4. Conversions per Activity
Getting website traffic is excellent, but there’s a big difference between getting people to click on an attractive link or visit an interesting website and really getting people to look at your product and go down your sales funnel. You may sort the leads from the looky-loos by counting the number of conversions per activity.
You may track this KPI using Google Analytics by creating landing pages and confirmation pages. You’ll be able to identify how many people took a given activity after being sent to your website through your marketing efforts this way. For example, a brilliant viral ad could bring thousands of people to your website, but only fifty of them might complete out the registration form for product and pricing information. Those figures are crucial for marketers to know.
5. Cost per Lead
If obtaining leads is the end goal, one of the most crucial factors to consider is how much each one costs. You can see how effective each marketing channel is at delivering potential customers to you by tracking this KPI across different marketing channels.
The greatest tools for measuring this metric are Google Ads and, once again, Google Analytics. When the costs per lead for different marketing channels are vastly different, it indicates that one of them is functioning significantly more efficiently than the others. Smart marketers want to know where they should spend their time and money.
6. Engagement as Clicks
Counting clicks is a simple but efficient approach to determine how well a piece of content attracts and retains a viewer’s attention. Whether those clicks lead to your website or a third-party site like a social media platform, they can act as indicators of brand awareness and purchasing intent.

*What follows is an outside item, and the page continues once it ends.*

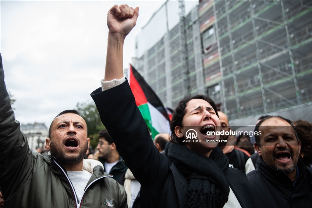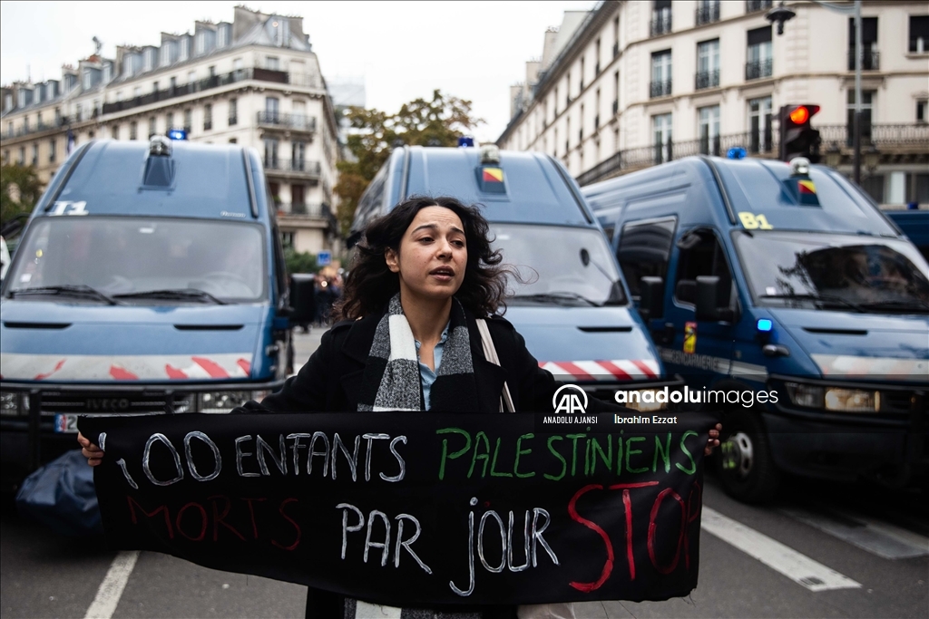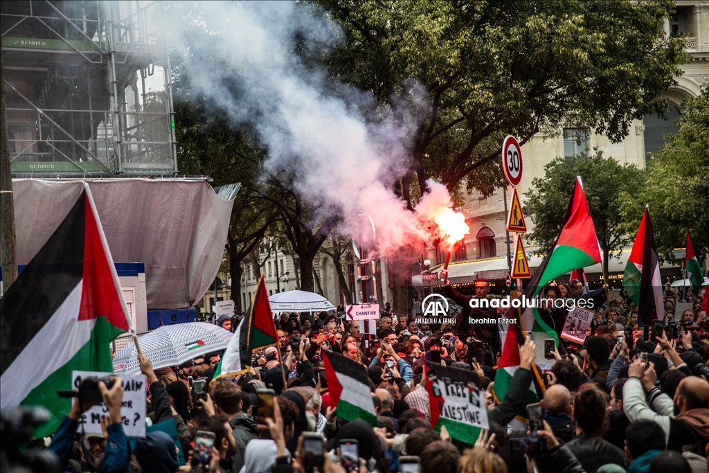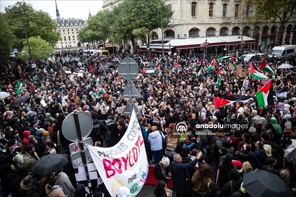 Fransa'nın başkenti Paris'te emniyet müdürlüğünün yasağına ve yağmura rağmen Filistin'e destek gösterisi düzenleniyor. Paris'te Chatelet Meydanı'nda yerel saat ile 14.30'da başlayan gösteri, polisin yoğun güvenlik önlemleri altında sürüyor. ( İbrahim Ezzat - Anadolu Ajansı )İbrahim Ezzat

Simply defined, content that receives clicks is doing its job, but content that receives no clicks is a waste of time in your marketing strategy. If your audience is saying “no thanks” to the links to your content, you can’t even begin to think about lead scoring or conversions. Quantifying engagement in terms of clicks is an important first step in determining whether or not your marketing efforts are effective.

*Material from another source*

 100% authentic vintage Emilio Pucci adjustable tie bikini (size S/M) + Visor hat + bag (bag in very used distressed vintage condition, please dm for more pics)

7. Marketing Influenced Customers
In an ideal world, all of your consumers would come from your marketing department’s efforts. Unfortunately, this isn’t the case. But that doesn’t rule out the possibility that your efforts aided in their progression along the buyer’s journey. Your marketing team can still help close a transaction by providing instructive content and nurturing programs, even if your programs didn’t generate the lead.

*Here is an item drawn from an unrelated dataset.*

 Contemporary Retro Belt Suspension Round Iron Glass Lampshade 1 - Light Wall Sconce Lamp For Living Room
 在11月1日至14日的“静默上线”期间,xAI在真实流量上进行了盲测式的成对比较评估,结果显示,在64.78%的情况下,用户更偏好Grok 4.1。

This metric is similar to marketing-generated leads, but it goes a step further. Examine the number of leads converted in a specific time period to arrive at this figure. Then figure out how many of those leads responded to your marketing efforts at some point. The percentage of marketing-influenced consumers is then calculated by dividing the total number of converted leads by the percentage of marketing-influenced customers.
In the end, your marketing goals will determine what to measure, but the bottom line will always be the bottom line. Revenue metrics are always the deciding factor in whether or not a B2B marketing strategy was worthwhile. It’s critical to examine KPIs periodically and observe how they’re changing over time once you’ve figured out what you’re looking for and how to assess them. Your relevant KPIs will tell you if you’re accomplishing your goals and help you make smarter decisions about when to modify, recalibrate, or shift course, regardless of how big or small your marketing team is. You can launch and manage your B2B marketing campaigns with confidence, knowing that you’re getting the results you want thanks to dependable, relevant data.